Speaking to Mika over the phone, she’s nowhere near as aggressive as her tweets suggest. She’s warm and level-headed throughout the conversation, offering a thoughtful, if spiky, critique that’s full of knowledge and nuance. What’s interesting, though unsurprising, is hearing that she grew up loving fighting games.

“I grew up playing fighting games a lot with friends and family. My first video game was actually Mortal Kombat on the PlayStation 2,” Mika says. “As I grew older, fighting games took a backseat. I tried to get back into Super Smash Bros. in 2015, and I just realized how different fighting games were to my perceptions of them when I was younger.”

Mortal Kombat 11, or an illustration of online discourse.

NetherRealm Studios

Mika’s opinions come from a place of love, not hate.
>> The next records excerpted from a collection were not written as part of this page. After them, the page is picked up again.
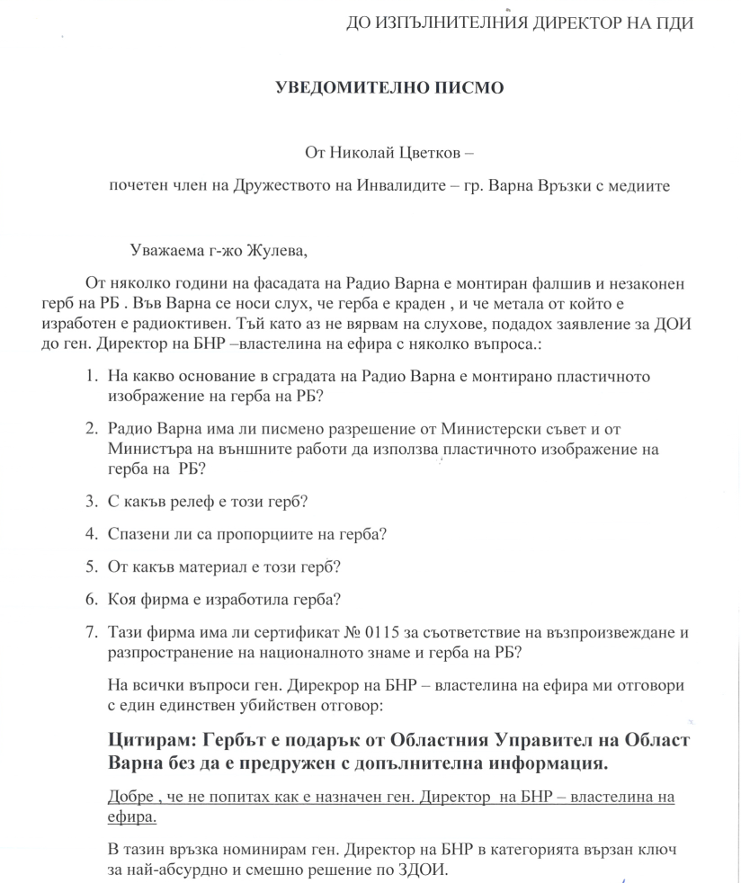 Приключението със заявление е описано в статията на Здравка Маслянкова „НЗОК - изгубена в превода“, месечен информационен бюлетин на ПДИ, брой 8(140), август 2015. Областна дирекция на МВР - Перник Номиниращ: Дарина Палова, ПДИ Във връзка с ежегодното проучване на Програма достъп до информация на интернет страниците на институциите в България, участващите в проучването подаваме и заявление по e-mail с цел да проследим практиките по отговори на електронни запитвания по ЗДОИ. В тази връзка подадох заявление до директора на Областна Дирекция на МВР - Перник, с което поисках да ми предоставят: 1. Копие от заповедта за определяне на служител по ЗДОИ в дирекцията и 2. Копие от длъжностната характеристика за заеманата от определения служител длъжност. В отговор получих решение, в което се посочва, че ще ми предоставят частичен достъп, тъй като исканата информация съдържала лични данни: "Изхождайки от законовите разпоредби считам, че исканата от заявителката информация има характера на обществена информация, налице и се съхранява в ОДМВР- Перник, поради което няма законова пречка същата да бъде предоставена по реда на Закона за достъп до обществена информация (ЗДОИ). С оглед обстоятелството, че документите достъп до които се иска съдържат информация, която попада в обхвата на определението "лични данни", съгласно §1, т.2 от ПЗР на ЗДОИ, исканата информация следва да бъде предоставена частично по смисъла на чл.7, ал.2 от ЗДОИ, след заличаването на информацията, отнасяща се до третото лице." В резултат на това решение действително получих копие от заповедта за определяне на служител по ЗДОИ в дирекцията и дори две заповеди /на служител, който приема устните запитвания и служител, който да предоставя информация в останалите случаи/, но проблемът е, че имената им са заличени и всъщност отново не знам към кого трябва да се обърна, за да поискам информация. Министерство на околната среда и водите (МОСВ) Номиниращ: Кирил Терзийски, ПДИ В рубриката абсурди на инат: Втора поредна година Министерство на околната среда и водите (МОСВ) заема позиция, че по реда на Закона за достъп до обществена информация (ЗДОИ) може да се иска информация, но не и достъп до конкретни документи. В съответствие с тази позиция, министерство и подчинените му структури редовно отказват да предоставят конкретни документи. В случаите, когато министерството реши да предостави достъп, това става чрез преразказване на документите в писмени справки, за които понякога се искат баснословни суми. Опитите на две неправителствени организации да убедят министерството, че подобна позиция и практика по ЗДОИ не само е незаконосъобразна, но и противоречи на трайната съдебна практика, удрят на камък.
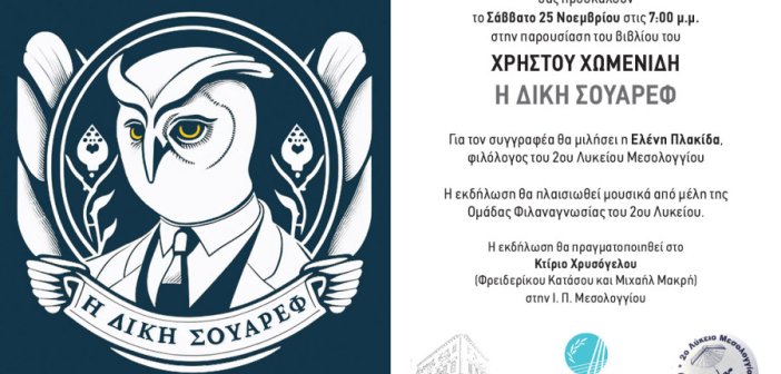 Συνεχίστε την ανάγνωση του άρθρου: Μεσολόγγι: Η παρουσίαση του νέου μυθιστορήματος του Χρήστου Χωμενίδη με τίτλο «Η ΔΙΚΗ ΣΟΥΑΡΕΦ»
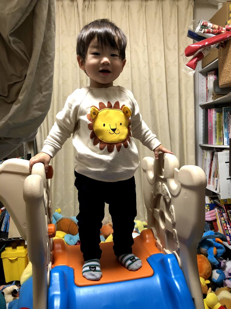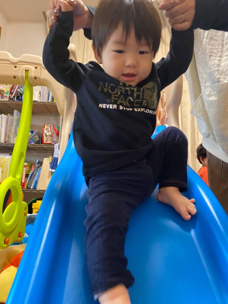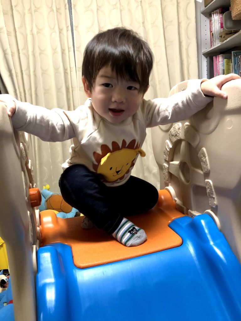 そして、スクランブルプレイセンター設置から5日が経過した日、自力でハシゴを登って滑り台を滑る息子②がいました。

She thinks there’s plenty of value in games that have a high skill level, she just wishes fighting games did a better job at welcoming newcomers with more thoughtful tutorials or purposeful single-player content.

The high barrier to entry for fighting games is a running theme throughout Mika’s critique. When she criticizes how fighting games handle movement, for example, it’s framed within the context of how unintuitive it can feel for newcomers. The same goes for the genre’s reliance on complex inputs, which leaves little middle ground between casual and high-level play.
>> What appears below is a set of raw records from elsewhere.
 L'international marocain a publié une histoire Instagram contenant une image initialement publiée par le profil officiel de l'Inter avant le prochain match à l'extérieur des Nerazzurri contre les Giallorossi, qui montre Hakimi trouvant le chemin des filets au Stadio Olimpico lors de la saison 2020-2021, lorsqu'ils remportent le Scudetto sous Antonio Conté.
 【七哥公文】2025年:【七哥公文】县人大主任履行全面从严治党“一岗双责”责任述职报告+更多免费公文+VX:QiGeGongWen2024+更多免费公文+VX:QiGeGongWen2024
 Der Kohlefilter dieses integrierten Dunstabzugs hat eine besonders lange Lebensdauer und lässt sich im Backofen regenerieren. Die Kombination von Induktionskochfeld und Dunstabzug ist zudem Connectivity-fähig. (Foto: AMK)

“For newer players trying to get into these games, it’s very daunting,” Mika says. They’re not going to be familiar with extensive combos. It gets into an environment where if a player wants to play at more than a casual level, a lot of the best aspects of fighting games go out the window. You just have to pick a character and throw your life away grinding into it.”
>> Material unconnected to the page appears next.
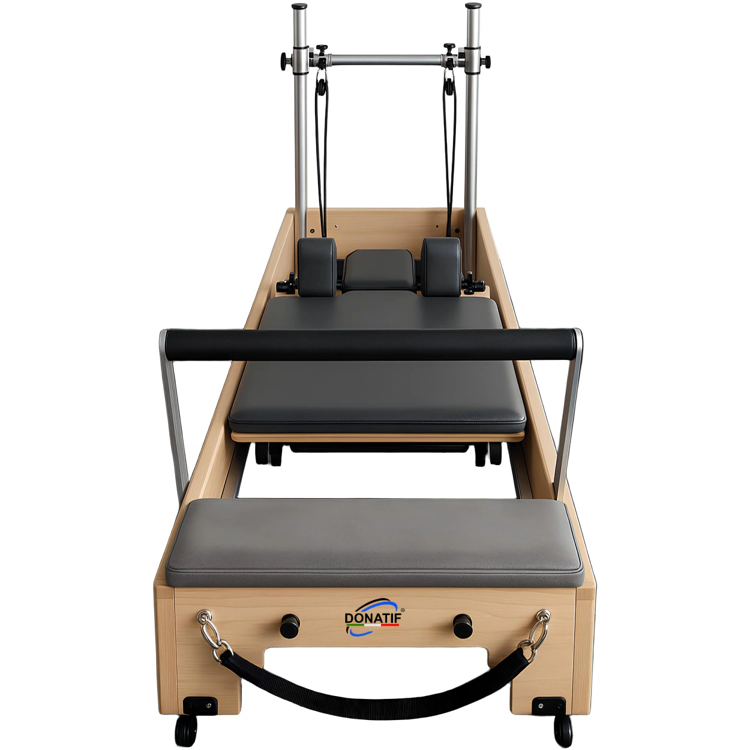 Dieser Reformer mit PM29-Aluminiumstangen ist ideal für professionelle Kontexte wie Pilates-Studios und Sportzentren. Dank seines kompakten Designs passt er leicht in enge Räume, was eine flexible Positionierung ermöglicht, ohne die Trainingsfunktionalität zu beeinträchtigen. Die PM29-Konfiguration ist darauf ausgelegt, sowohl den Bedürfnissen von Anfängern als auch Profis gerecht zu werden und bietet ein reibungsloses, sicheres und leistungsstarkes Erlebnis. Jeder Sitz ist so gestaltet, dass er durch ergonomische, hochdichte Schaumstoffpolster und Schultergurte maximalen Komfort und Unterstützung gewährleistet, die auch bei längeren Einheiten helfen, Muskelermüdung zu reduzieren. Die strukturierte Plattform bietet eine stabile und sichere Unterstützung für präzise, kontrollierte und progressive Übungen. Dieser Reformer ermöglicht es Ihnen, den ganzen Körper vollständig zu trainieren, mit besonderem Fokus auf Bauch, Gesäß, Paravertebralmuskeln, Rücken und untere Gliedmaßen, wodurch Kraft, Flexibilität und neuromuskuläre Kontrolle verbessert werden.
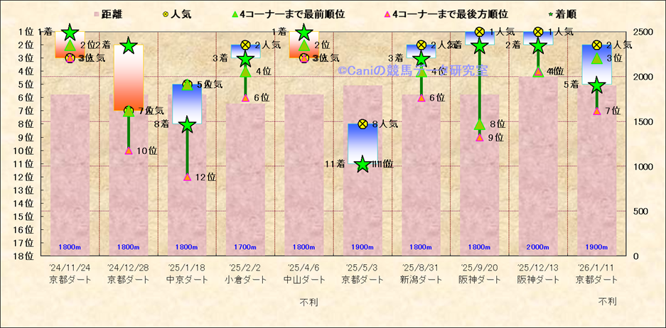 近10走 人気−着順-位置取りの推移 |

It’s a pretty reasonable viewpoint. But rationality tends to fly out the window when it comes to big online spaces. Twitter isn’t well suited to one-on-one conversations; it’s designed for maximum visibility. Personal opinion can morph into public discourse in one click, opening the floodgates for an angry mob of replies. Mika still isn’t even sure how verified Twitter accounts with tens of thousands of followers ended up finding her virtually unknown profile.

Ken lords his victory over Chun-Li in the arcade classic, Street Fighter II.

Capcom

She admits that some of her own language choices clouded some of her nuance and exacerbated the response.

“If you play Smash you're honestly just a pedophile,” reads one of her particularly eye-popping tweets.

While Mika intended it to be a critique of the Super Smash Bros. community and its recent sexual abuse revelations, she says it’s not something she would have written if she knew the post would elicit this much attention. She just thought she was venting into the abyss, but there’s no real void on social media.

Mika found a strangely heartwarming silver lining amid the flood of angry Twitter DMs. She received numerous messages from fans who invited her into their own communities to play some games in a friendlier environment.

“There were a lot of really cool people that weren’t trying to start a firestorm, but to provide an inclusive space inside the fighting game community that’s safe, as opposed to more reactionary,” she says. “Finding those communities and uplifting them is the best thing we can do as fans of these games.”

That good-faith outreach stands in stark contrast to the thousands of insulting replies still piling up under the thread. By taking the time to understand where Mika was coming from and offer a welcoming hand, these fans show that human connection is still possible on social media. Meaningfully engaging with fellow players as opposed to blindly jumping on the rage bandwagon can enrich our online experiences and shape communities for the better.

To put it in Super Smash Bros. terms: 1v1 me, no items, Fox only, Final Destination.